Exercise description |
Once the line containing "NOTICIAS 31/10/2020Suman 1991" is found in the records below, return it and each following line exactly, up to and including the line containing "Blessed Natural Stone", and nothing else.
Input material START
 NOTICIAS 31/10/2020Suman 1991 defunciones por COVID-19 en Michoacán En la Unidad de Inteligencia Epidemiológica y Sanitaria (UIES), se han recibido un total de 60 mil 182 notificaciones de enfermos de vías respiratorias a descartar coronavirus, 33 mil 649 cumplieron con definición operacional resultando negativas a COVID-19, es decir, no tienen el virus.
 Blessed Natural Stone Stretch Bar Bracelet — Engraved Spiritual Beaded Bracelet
Input material END
Input material START
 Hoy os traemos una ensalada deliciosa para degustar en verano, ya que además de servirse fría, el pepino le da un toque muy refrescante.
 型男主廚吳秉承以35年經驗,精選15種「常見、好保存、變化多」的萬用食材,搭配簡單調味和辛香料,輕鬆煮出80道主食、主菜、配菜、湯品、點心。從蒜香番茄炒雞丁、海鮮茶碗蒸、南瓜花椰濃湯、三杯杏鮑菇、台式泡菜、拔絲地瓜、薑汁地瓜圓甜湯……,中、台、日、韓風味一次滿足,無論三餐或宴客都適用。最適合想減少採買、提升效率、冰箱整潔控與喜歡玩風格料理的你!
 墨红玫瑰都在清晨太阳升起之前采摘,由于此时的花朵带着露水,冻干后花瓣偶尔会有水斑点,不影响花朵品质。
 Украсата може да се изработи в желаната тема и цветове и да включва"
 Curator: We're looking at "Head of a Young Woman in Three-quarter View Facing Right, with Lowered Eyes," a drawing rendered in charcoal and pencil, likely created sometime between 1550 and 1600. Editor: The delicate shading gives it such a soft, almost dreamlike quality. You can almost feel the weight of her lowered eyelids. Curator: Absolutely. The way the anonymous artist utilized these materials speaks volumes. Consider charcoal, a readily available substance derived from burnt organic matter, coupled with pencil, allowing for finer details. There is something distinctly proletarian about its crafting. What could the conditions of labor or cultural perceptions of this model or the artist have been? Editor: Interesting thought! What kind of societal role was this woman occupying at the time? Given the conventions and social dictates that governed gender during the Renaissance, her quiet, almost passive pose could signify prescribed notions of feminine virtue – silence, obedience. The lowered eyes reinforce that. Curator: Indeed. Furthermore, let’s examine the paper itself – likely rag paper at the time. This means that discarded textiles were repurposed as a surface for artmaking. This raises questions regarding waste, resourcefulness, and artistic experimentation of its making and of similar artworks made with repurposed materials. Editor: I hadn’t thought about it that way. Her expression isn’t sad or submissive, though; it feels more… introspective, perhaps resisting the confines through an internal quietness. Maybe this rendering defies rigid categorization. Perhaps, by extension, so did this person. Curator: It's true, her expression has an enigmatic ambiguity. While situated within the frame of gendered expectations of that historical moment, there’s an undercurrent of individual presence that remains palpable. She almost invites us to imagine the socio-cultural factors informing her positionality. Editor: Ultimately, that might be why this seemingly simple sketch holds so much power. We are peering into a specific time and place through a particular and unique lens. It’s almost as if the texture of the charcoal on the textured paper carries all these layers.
Input material END
Answer space |
 NOTICIAS 31/10/2020Suman 1991 defunciones por COVID-19 en Michoacán En la Unidad de Inteligencia Epidemiológica y Sanitaria (UIES), se han recibido un total de 60 mil 182 notificaciones de enfermos de vías respiratorias a descartar coronavirus, 33 mil 649 cumplieron con definición operacional resultando negativas a COVID-19, es decir, no tienen el virus.
 Blessed Natural Stone Stretch Bar Bracelet — Engraved Spiritual Beaded Bracelet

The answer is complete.